Omit every picture and return the rest of the data unaltered.

Data extracted from a collection
>>
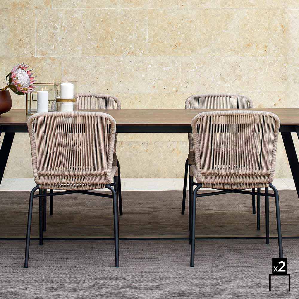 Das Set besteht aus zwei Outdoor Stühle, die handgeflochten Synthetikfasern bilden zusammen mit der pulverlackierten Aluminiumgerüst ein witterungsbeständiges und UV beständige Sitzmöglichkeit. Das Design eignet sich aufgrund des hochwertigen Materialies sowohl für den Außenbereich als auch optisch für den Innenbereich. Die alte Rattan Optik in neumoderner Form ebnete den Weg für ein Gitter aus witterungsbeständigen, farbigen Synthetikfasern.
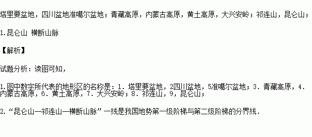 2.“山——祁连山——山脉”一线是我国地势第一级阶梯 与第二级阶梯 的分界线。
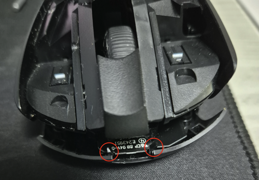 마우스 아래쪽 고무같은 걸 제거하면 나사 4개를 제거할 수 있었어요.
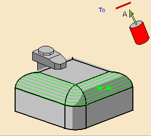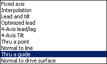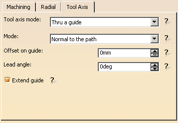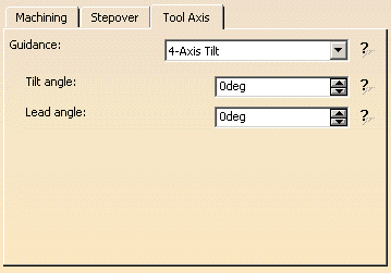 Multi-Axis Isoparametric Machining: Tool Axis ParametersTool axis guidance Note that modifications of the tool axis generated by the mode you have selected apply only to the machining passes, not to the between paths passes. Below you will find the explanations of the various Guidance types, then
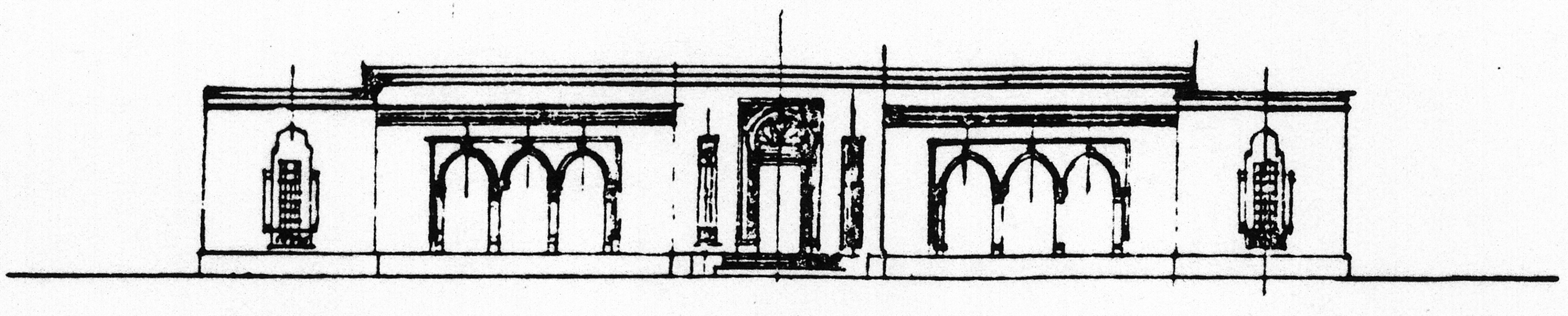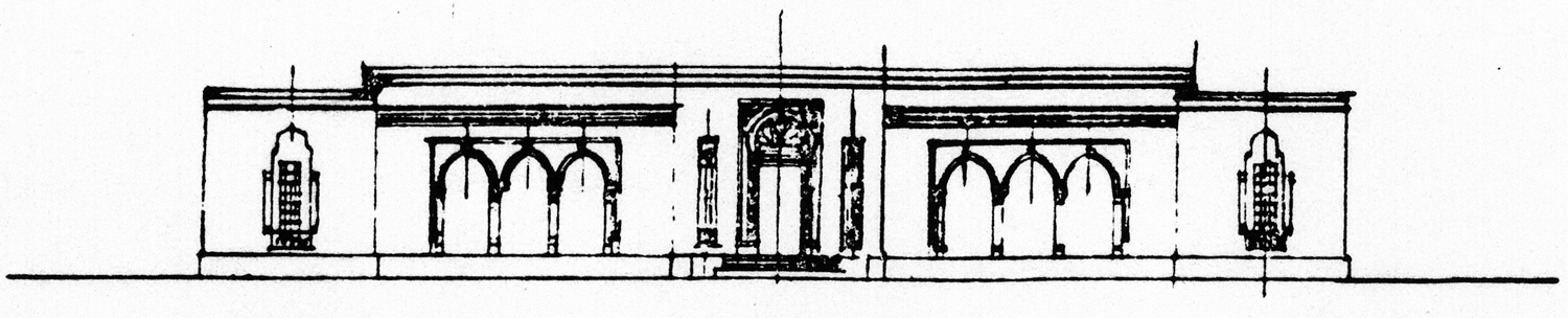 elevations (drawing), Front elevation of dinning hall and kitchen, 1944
<<
Answer to the exercise
 Das Set besteht aus zwei Outdoor Stühle, die handgeflochten Synthetikfasern bilden zusammen mit der pulverlackierten Aluminiumgerüst ein witterungsbeständiges und UV beständige Sitzmöglichkeit. Das Design eignet sich aufgrund des hochwertigen Materialies sowohl für den Außenbereich als auch optisch für den Innenbereich. Die alte Rattan Optik in neumoderner Form ebnete den Weg für ein Gitter aus witterungsbeständigen, farbigen Synthetikfasern.
 2.“山——祁连山——山脉”一线是我国地势第一级阶梯 与第二级阶梯 的分界线。
 마우스 아래쪽 고무같은 걸 제거하면 나사 4개를 제거할 수 있었어요.
 Multi-Axis Isoparametric Machining: Tool Axis ParametersTool axis guidance Note that modifications of the tool axis generated by the mode you have selected apply only to the machining passes, not to the between paths passes. Below you will find the explanations of the various Guidance types, then
 elevations (drawing), Front elevation of dinning hall and kitchen, 1944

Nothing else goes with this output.